Conrad worries a new encampment nearby, where people do drugs and things can get unruly, will attract the attention of police. He and his camp mates allow guests from time to time, like his friend Geneviève. Conrad hosts group dinners, too, cooking up a storm on the grill. He buys his food from grocery stores with the money he makes collecting cans.
“I take care of everybody. People who are on the streets, they’re like me so I help them.” He prefers braving the elements, even the Quebec winters, to staying in a shelter, where nights can be restless and rowdy.
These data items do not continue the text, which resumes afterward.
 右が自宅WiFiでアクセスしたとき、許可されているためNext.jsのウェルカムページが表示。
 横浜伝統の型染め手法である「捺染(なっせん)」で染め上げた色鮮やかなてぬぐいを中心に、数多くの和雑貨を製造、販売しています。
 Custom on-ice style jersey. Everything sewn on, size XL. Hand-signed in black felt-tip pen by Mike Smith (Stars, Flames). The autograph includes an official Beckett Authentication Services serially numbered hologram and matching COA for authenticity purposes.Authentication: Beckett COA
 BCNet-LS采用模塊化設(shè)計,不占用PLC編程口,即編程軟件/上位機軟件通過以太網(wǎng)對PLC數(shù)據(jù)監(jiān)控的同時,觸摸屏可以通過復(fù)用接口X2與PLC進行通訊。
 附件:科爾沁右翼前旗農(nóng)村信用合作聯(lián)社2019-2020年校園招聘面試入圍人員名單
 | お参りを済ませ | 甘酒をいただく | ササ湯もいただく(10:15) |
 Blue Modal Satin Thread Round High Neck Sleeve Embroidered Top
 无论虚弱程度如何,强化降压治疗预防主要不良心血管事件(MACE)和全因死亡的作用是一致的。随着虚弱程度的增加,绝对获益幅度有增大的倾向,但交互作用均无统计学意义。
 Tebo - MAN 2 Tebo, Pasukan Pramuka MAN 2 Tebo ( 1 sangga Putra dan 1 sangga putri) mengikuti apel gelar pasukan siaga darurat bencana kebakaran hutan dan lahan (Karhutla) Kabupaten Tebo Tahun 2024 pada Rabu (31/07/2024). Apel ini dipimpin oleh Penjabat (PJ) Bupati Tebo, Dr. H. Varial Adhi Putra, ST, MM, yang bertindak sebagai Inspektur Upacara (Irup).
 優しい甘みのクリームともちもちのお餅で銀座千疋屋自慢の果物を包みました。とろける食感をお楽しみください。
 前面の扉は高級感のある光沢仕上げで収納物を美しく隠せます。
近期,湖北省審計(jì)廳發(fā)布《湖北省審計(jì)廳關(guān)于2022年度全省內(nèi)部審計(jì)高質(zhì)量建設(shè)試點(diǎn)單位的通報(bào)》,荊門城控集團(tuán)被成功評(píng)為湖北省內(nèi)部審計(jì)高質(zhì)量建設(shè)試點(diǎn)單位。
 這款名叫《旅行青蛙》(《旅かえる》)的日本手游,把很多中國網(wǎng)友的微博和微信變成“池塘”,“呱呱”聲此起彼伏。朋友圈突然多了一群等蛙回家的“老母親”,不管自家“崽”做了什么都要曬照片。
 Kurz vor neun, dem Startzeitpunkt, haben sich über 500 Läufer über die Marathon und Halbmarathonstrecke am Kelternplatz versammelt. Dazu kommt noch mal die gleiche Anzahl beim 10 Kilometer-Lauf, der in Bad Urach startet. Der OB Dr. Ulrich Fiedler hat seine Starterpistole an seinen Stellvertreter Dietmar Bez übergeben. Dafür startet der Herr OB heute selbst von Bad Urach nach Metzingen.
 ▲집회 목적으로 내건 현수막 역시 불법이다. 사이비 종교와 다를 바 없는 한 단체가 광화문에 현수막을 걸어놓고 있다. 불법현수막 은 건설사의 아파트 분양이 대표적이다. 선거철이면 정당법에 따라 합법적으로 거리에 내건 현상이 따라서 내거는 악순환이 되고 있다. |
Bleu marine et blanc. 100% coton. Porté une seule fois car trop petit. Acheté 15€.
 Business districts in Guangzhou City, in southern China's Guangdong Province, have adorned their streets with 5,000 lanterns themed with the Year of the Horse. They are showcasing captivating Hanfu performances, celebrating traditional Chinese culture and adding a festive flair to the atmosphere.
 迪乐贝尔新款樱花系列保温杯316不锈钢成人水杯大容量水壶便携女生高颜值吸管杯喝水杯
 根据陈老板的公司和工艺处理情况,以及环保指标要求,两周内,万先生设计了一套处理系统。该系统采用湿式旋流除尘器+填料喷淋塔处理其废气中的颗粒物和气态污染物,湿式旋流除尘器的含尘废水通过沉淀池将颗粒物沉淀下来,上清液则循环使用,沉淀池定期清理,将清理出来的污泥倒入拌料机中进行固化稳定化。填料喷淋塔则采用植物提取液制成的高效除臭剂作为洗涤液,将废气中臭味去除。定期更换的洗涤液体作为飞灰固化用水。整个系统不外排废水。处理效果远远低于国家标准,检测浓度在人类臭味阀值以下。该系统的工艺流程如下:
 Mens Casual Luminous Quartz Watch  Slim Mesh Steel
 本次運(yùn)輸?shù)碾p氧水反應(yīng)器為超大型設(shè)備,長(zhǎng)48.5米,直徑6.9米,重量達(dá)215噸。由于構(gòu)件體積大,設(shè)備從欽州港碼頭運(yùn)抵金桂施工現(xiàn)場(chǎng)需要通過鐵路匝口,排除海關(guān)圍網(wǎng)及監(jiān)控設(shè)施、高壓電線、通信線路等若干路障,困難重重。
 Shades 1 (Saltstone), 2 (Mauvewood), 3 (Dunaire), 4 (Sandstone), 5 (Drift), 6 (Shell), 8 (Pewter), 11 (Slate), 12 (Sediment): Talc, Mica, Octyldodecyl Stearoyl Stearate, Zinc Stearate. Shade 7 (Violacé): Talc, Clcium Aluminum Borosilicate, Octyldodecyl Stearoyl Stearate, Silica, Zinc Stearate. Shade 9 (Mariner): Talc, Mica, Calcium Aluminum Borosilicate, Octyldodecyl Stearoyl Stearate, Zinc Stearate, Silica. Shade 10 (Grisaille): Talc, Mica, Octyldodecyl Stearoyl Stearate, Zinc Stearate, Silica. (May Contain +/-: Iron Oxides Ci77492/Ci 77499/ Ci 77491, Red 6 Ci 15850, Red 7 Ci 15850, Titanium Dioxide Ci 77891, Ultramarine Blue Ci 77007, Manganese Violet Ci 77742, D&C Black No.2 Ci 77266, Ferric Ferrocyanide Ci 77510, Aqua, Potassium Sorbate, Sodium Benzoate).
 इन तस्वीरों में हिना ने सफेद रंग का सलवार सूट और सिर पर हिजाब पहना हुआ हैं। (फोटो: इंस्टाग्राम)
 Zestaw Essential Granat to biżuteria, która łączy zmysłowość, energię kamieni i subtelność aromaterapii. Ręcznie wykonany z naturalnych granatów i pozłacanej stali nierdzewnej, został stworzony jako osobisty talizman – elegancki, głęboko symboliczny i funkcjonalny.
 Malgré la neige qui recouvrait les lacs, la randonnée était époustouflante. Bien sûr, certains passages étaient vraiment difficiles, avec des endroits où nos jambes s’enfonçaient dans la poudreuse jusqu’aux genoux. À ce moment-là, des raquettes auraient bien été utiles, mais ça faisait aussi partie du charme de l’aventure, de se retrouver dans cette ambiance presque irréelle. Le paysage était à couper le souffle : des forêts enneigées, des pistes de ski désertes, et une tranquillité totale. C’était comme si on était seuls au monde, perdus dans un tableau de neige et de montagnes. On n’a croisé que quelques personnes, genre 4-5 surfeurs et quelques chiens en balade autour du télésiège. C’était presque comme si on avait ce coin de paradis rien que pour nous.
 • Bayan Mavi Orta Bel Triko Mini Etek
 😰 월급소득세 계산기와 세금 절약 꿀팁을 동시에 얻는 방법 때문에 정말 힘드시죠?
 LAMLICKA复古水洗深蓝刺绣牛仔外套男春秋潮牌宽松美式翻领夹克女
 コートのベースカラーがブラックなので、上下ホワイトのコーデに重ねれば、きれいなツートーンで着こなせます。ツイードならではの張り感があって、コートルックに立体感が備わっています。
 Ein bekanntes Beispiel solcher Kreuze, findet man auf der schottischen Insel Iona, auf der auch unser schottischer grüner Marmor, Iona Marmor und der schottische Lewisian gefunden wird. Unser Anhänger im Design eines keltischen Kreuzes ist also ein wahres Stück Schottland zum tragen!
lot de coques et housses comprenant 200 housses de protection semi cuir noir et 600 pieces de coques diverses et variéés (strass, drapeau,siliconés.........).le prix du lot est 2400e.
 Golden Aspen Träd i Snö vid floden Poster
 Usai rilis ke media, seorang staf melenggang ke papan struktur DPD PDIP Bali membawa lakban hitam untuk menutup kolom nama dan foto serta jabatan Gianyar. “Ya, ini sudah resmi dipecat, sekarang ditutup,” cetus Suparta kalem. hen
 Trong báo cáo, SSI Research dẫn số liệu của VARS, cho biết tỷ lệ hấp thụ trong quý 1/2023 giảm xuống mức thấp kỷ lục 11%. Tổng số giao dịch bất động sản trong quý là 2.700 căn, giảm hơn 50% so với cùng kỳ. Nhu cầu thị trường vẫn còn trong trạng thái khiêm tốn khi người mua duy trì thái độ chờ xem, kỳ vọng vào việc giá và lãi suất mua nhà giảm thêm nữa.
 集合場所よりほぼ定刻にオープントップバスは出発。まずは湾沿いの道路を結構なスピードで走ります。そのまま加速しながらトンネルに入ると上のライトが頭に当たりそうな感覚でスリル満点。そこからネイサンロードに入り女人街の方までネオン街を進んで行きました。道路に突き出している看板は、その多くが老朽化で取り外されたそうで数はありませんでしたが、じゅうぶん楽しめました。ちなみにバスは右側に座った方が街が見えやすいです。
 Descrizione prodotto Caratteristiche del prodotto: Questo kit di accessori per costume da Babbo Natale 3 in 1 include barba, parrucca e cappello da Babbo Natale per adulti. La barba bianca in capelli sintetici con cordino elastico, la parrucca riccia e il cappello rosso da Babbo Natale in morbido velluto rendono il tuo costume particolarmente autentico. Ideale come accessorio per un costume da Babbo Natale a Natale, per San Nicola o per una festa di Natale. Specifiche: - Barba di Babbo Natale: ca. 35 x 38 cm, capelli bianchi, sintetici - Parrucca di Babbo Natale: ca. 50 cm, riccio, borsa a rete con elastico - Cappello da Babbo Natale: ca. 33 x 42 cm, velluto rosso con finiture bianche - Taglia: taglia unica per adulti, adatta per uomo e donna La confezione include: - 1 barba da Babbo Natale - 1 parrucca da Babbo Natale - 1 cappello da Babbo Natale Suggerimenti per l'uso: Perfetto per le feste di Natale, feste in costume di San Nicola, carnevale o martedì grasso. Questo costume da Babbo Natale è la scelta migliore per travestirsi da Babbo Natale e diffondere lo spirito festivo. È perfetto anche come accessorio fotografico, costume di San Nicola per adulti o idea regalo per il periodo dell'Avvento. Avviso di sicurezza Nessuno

Before pitching his tent here, Conrad stayed in a shelter near Mont-Royal Metro station. During the pandemic, the place got busy and he’d already been there a while, so he opted to leave.
Conrad says he’s been homeless for five or six years. He moved out of an apartment his stepmother had been helping him pay for when her payments stopped coming and he didn’t want to ask anymore. “I said, ‘I don’t need you guys. No problem: tent, camping, sleeping bag. I don’t mind.’”
He adds: “I like being alone. I’m a rebel.”